個案報告:輸尿管金屬支架阻塞感染導致腎臟破裂以及支架跑位
蔡宏偉1 、許炯明 1
1台灣基督長老教會馬偕醫療財團法人馬偕紀念醫院泌尿科
Obstructive metallic stent with infection causing renal rupture and stent migration: a case report
Hung Wei Tsai1、Chiung Ming Hsu 1
1Department of Urology, MacKay Memorial Hospital, Taipei, Taiwan
Introduction:
In adults, intermittent abdominal or flank pain, at times associated with nausea or vomiting, is a frequent presenting symptom. Hematuria, either spontaneous or associated with otherwise relatively minor trauma, may also be an initial symptom of obstruction of upper urinary tract. Management must be made if severe symptoms or infection presented.
Case description:
This 61-year-old male with history of left upper ureteral stricture s/p Laser endoscopic ureterotomy + Metallic stent placement in 2024/06. This time, he visited ER presented with high fever and left flank pain for one day. Lab data showed WBC:11200 /uL, CRP:12 mg/dL and Creatinine: 1.0mg/dL. KUB reported left renal stones and metallic left ureteral stent encrustation in upper end. Abdominal CT was arranged for further evaluation and revealed Left hydronephrosis and hydroureter + A metallic stent in left ureter with encrustation in proximal tip. And we consulted Radiologist for Left PCN insertion on the next day. However, pre-renal hematoma and renal rupture was noted during pre-PCN CT evaluation. Left PCN insertion was postponed, so the patient was admitted to ordinary ward and continuous antibiotic treatment for one week. Unfortunately, his fever did not subside, and URS + DJ insertion was arranged. Left URS revealed very turbid and bloody urine coming from left kidney.
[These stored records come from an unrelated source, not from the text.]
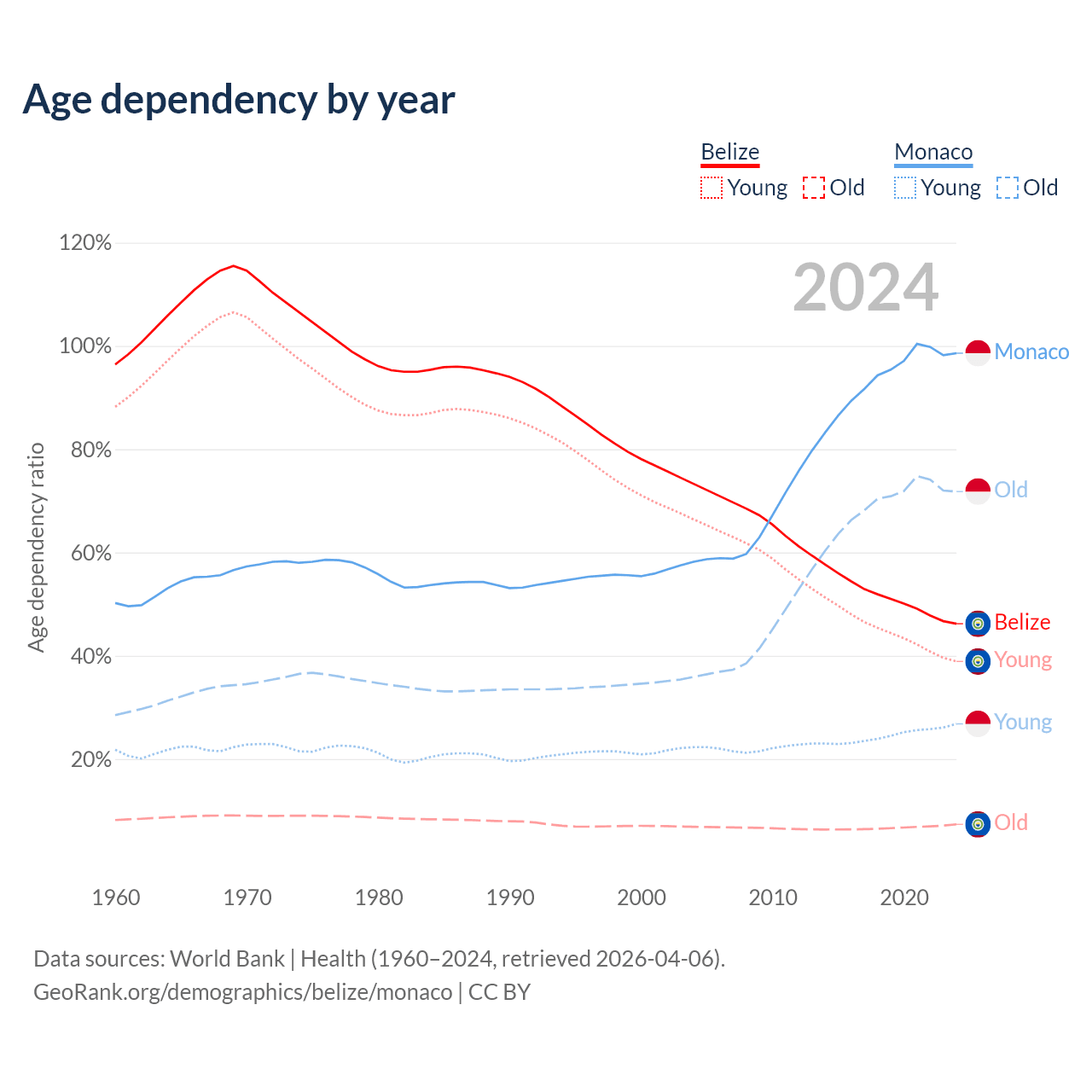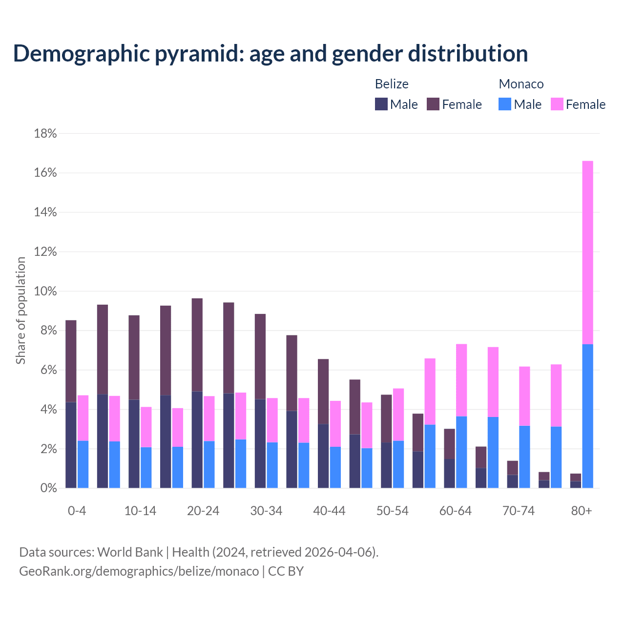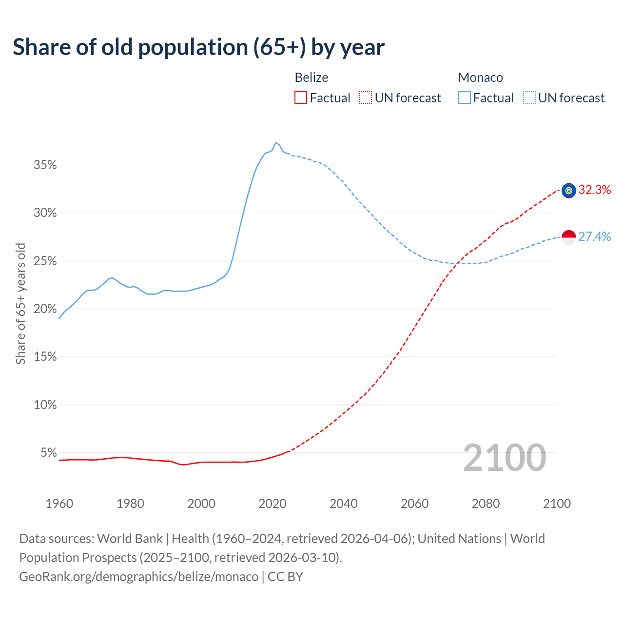 - The share of old-age demographic (65+) in Belize is 5.02% vs 36.2% in Monaco.
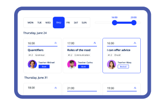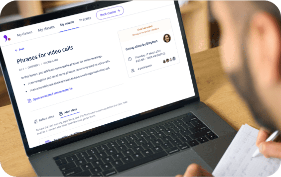 Each class is topic-based, 60 minutes long, and led by a different teacher. They will guide you through the lesson plan and exercises, and encourage you to practise speaking.
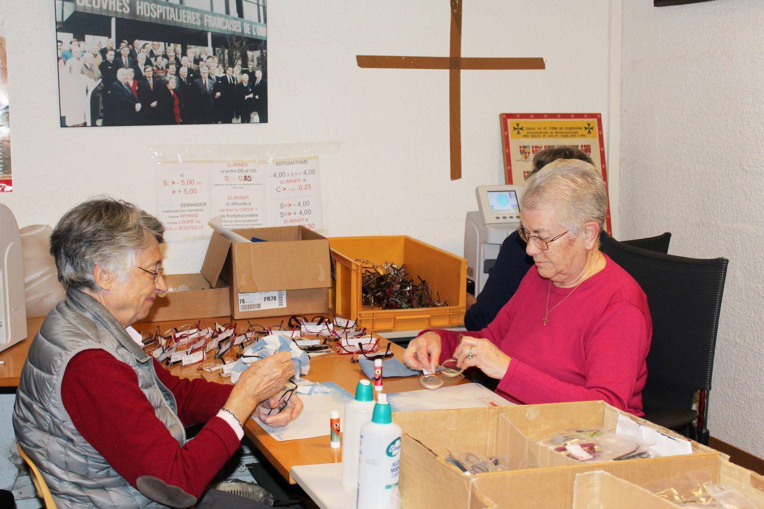 Nos bénévoles effectuent un tri de paires de lunettes dans 5 de nos centres en France (Aix-en-Provence, Clamart – près de 125 000 paires triées en 2018 –, L’Isle-Adam, Versailles – près de 200 000 paires triées par an – et Saint Etienne) afin de les trier, nettoyer, mesurer, étiqueter, parfois réparer, puis de les envoyer au centre logistique situé à Bois-d’Arcy (78).

About 500ml urine was drained under URS. A DJ stent was placed. Metallic stent cloud not be seen due to poor visual field intra-operatively. Surprisingly, post-operative KUB found an upper migrated metallic stent in left upper ureter with stone encrustation migrated into left renal pelvis and calyx. His condition was getting better and was discharged five days after DJ placement. Left nephrectomy was discussed with the patient and may be arranged in coming month.
Discussion and Summary:
Expandable metallic mesh stents that allow tissue ingrowth have proven to have problems with encrustation, hyperplastic reactions, and tumor ingrowth [1]. Recently, systematic reviews of the literature confer that metallic stents are a viable alternative for both malignant and benign ureteral obstruction with a mean success rate of 72.5% and a low migration rate (1%) [2][3]. For ureteral stricture disease, treatments such as Ureteral stent placement, Balloon dilatation, Endoureterotomy or Reconstructive repair may all be considered for any circumstances.